Work item: The whole listing is to be restated word for word with no images.

Supplied data:
- Opening Delimiter -
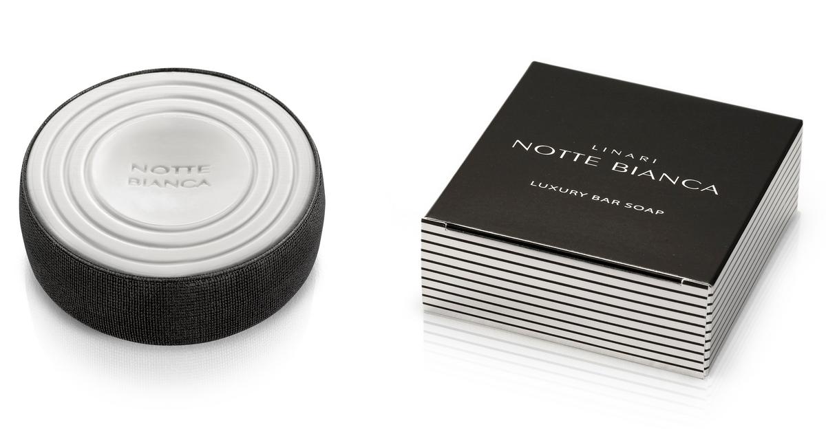 Die Luxusseifen gibt es in den Farben weiß und schwarz. Zusätzlich sind die Namen der sieben verschiedenen Duftnoten in den Seifenkörper geprägt. Die Düfte der luxuriösen Seifen sind genau passend zur erfolgreichen Linari Eau de Parfum Serie.
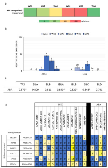 Linkage between compounds and ABA in whole achene stages. (a) Kinetics of abscisic acid (ABA) net production (expressed in ng/achene) at each developmental stage in whole achene (WA) during milk thistle fruit maturation (calculated from Table 1). (b) Relative quantification using RT-qPCR of RNA expression of 2 genes implicated in ABA flavonolignans biosynthesis (ABA1 and LEC2). (c) Pearson correlation of extraction compounds in whole achene stages were performed by PAST software. (* p < 0.05, n = 3). (d) Identification of ABA-responsive cis-acting elements located in gene promoter gene sequences (from blue to yellow indicating low to high number of each cis-acting element). Values are the mean ± SD of 3 independent measurements. Characteristics of cis-acting elements are provided in Table S5. Different letters indicate significant differences at p < 0.05.
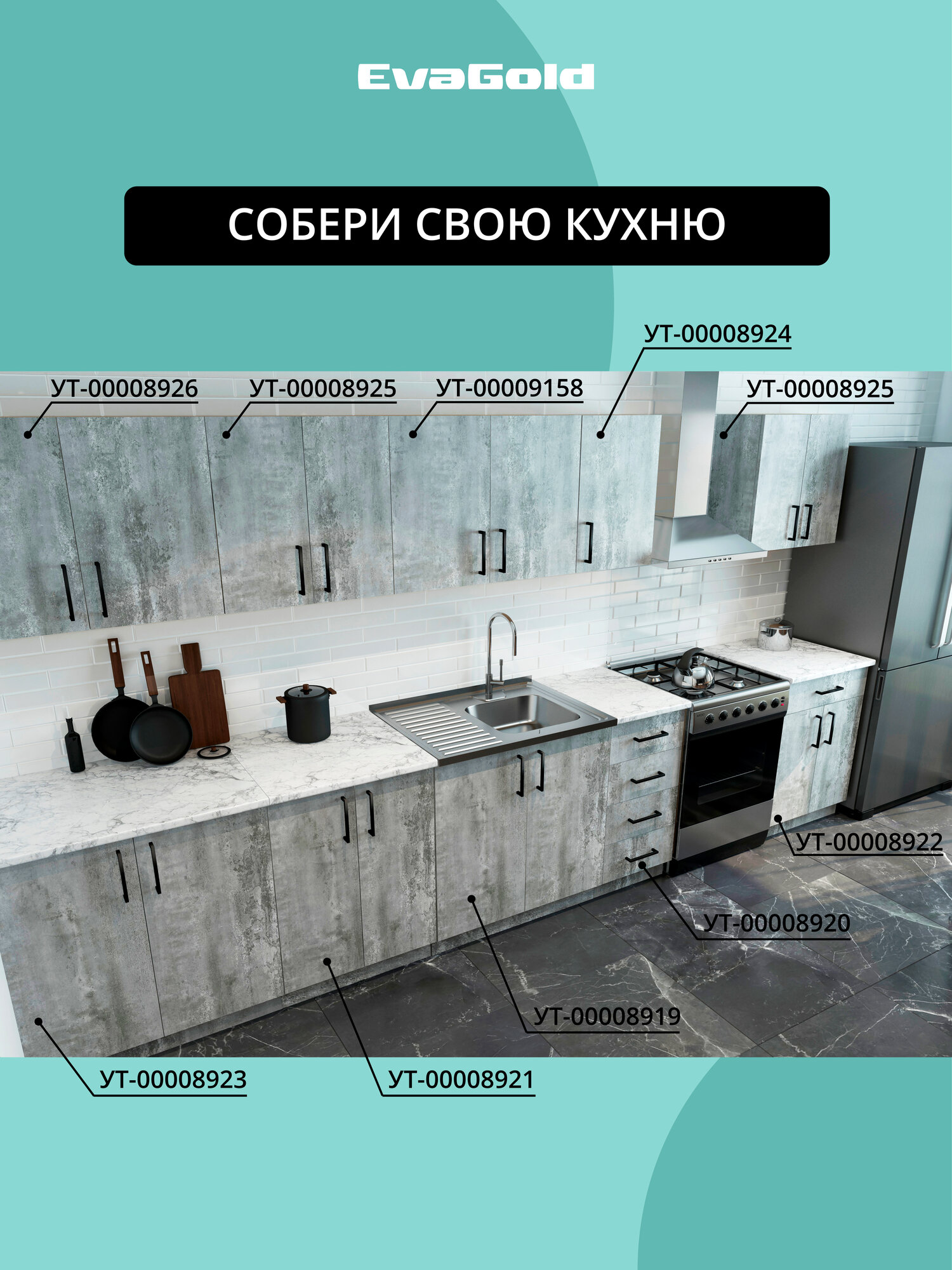 Купить Кухонный модуль напольный EvaGold 80 см, модель ND401.14 цемент светлый для кухни с доставкой по всей России. Кухонный модуль напольный EvaGold 80 см, модель ND401.14 цемент светлый для кухни: сравнение цен, характеристики, фото, актуальное наличие и цены.
- Closing Delimiter -
Written solution:
 Die Luxusseifen gibt es in den Farben weiß und schwarz. Zusätzlich sind die Namen der sieben verschiedenen Duftnoten in den Seifenkörper geprägt. Die Düfte der luxuriösen Seifen sind genau passend zur erfolgreichen Linari Eau de Parfum Serie.
 Linkage between compounds and ABA in whole achene stages. (a) Kinetics of abscisic acid (ABA) net production (expressed in ng/achene) at each developmental stage in whole achene (WA) during milk thistle fruit maturation (calculated from Table 1). (b) Relative quantification using RT-qPCR of RNA expression of 2 genes implicated in ABA flavonolignans biosynthesis (ABA1 and LEC2). (c) Pearson correlation of extraction compounds in whole achene stages were performed by PAST software. (* p < 0.05, n = 3). (d) Identification of ABA-responsive cis-acting elements located in gene promoter gene sequences (from blue to yellow indicating low to high number of each cis-acting element). Values are the mean ± SD of 3 independent measurements. Characteristics of cis-acting elements are provided in Table S5. Different letters indicate significant differences at p < 0.05.
 Купить Кухонный модуль напольный EvaGold 80 см, модель ND401.14 цемент светлый для кухни с доставкой по всей России. Кухонный модуль напольный EvaGold 80 см, модель ND401.14 цемент светлый для кухни: сравнение цен, характеристики, фото, актуальное наличие и цены.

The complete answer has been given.